# Oil in coolant issue?!



## NOAH48038 (Apr 16, 2009)

Hey,
I did an oil change last week and only a quart of oil came out, so I looked in the coolant reservoir and it looked like coolant was in the there but wasn't for sure. So I took my z in for a oil/coolant problem. They said that it may be the gaskets, rings or I might just need a new motor. The weird thing was that the car ran perfect; no overheating and the oil pressure was fine, car ran perfect. I picked it up today and they said they found nothing wrong with it; no leaks, Hc in coolant and no oil burning. There was some kind of light brown milky substance at the bottom of the reservoir, but they still found nothing wrong. so if someone else has had this issue before please let me know what it was or might be.
Thanks


----------



## Nickaltima (Jan 11, 2008)

if you had only 1 quart of oil in your motor it would 100% have blown up especially if you had that tinyyyyy bit for an extended period of time..something is up here..4 quarts of oil just dont vanish into thin air without the engine having a problem..i would check the oil every single trip you make it only takes 30 seconds and keep a veryyyy veryyyy close eye on this


----------



## chimmike (Oct 17, 2002)

What year Z is it? 05/06 models had oil consumption issues that can become pretty serious.


----------



## Nickaltima (Jan 11, 2008)

he would deff notice if he was burning that much oil though it would smoke like shit..i had a bad pcv and it would make my car blow a huge puff at a stop light when it turned green but i wasnt burning more than maybe a 1/8 of a qrt i changed it and nvr did it again so if he was burning this much oil he would notice..well i hope he would notice


----------



## chimmike (Oct 17, 2002)

depends on how long he went between oil changes. If you only burn a small amount at a time, the smoke will get broken up in the cats. That was the big problem. Over 3000-5000 miles, the oil would burn away. That's such a small amount at a time for such a long distance that most people with the problem never knew until the oil ran dry or they went in for a change and saw the same result the OP did.


----------



## kramadana (Nov 8, 2010)

I once drove from the UK to Italy and back in a week and the engine oil was down to about half. However once filled the problem never repeated.

Strange???


----------



## Nickaltima (Jan 11, 2008)

chimmike said:


> depends on how long he went between oil changes. If you only burn a small amount at a time, the smoke will get broken up in the cats. That was the big problem. Over 3000-5000 miles, the oil would burn away.
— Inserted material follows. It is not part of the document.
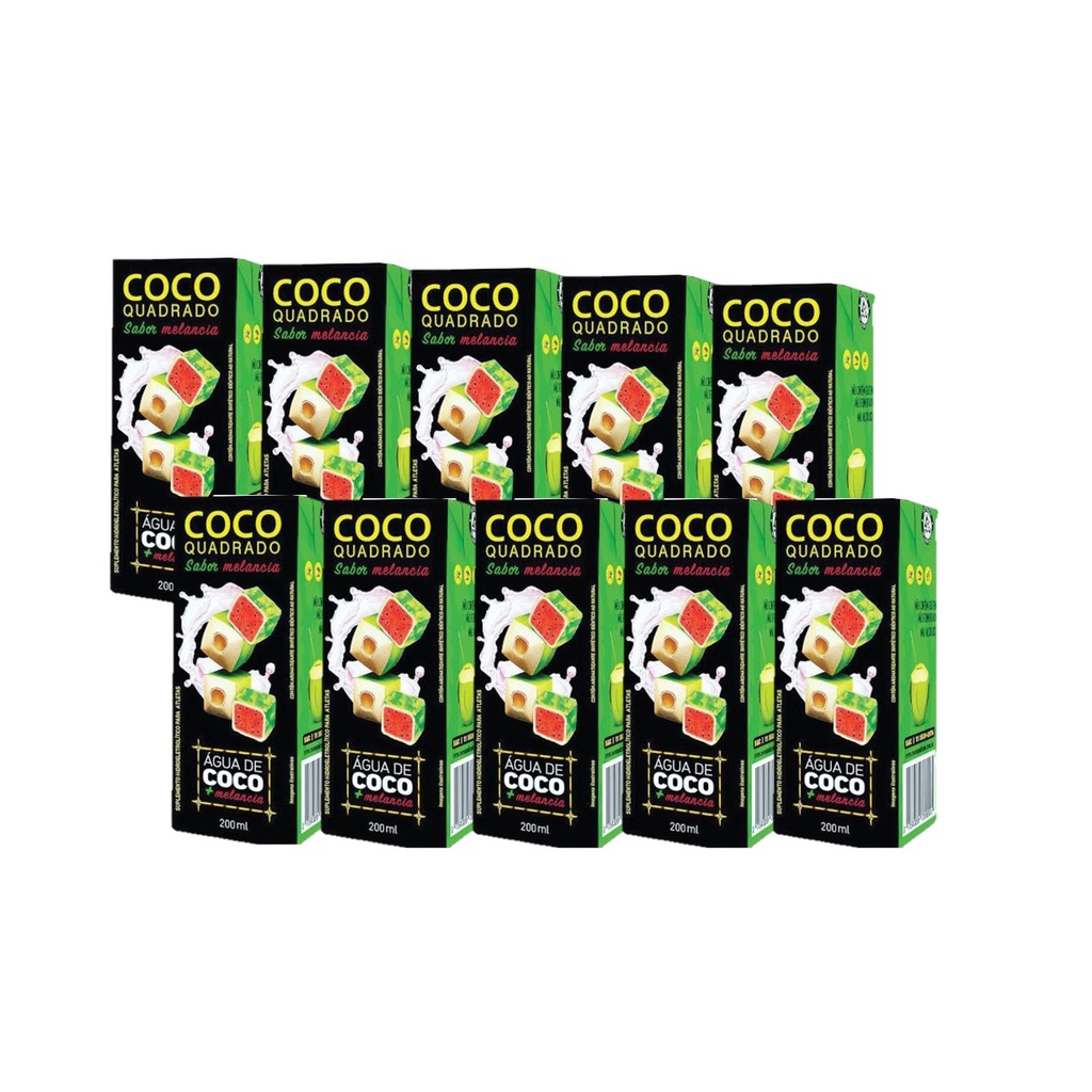 Kit Água de Coco Quadrado Melancia 200ml - 10 unidades

That's such a small amount at a time for such a long distance that most people with the problem never knew until the oil ran dry or they went in for a change and saw the same result the OP did.


yea i can understand that but like i said my pcv valve was bad and i would see big clouds of smoke when going from a stop and when i got hard on the gas pedal..and my car was burning virtually no oil at all..and the person who doesn't check their oil at least 4-6 times between changes is just a fool and if there is a problem with the car it could have been fixed before it got any worse just by checking the oil level now its probably 2 late


----------



## chimmike (Oct 17, 2002)

I agree with checking the oil between changes, but the reality is, 90% of people who buy 350z's just drive 'em and don't care, and really as consumers we have a reasonable expectation that a stock vehicle should not burn oil between changes and should not require frequent checks like cars of yesteryear. That's what cause such a problem with the 05-06's.


----------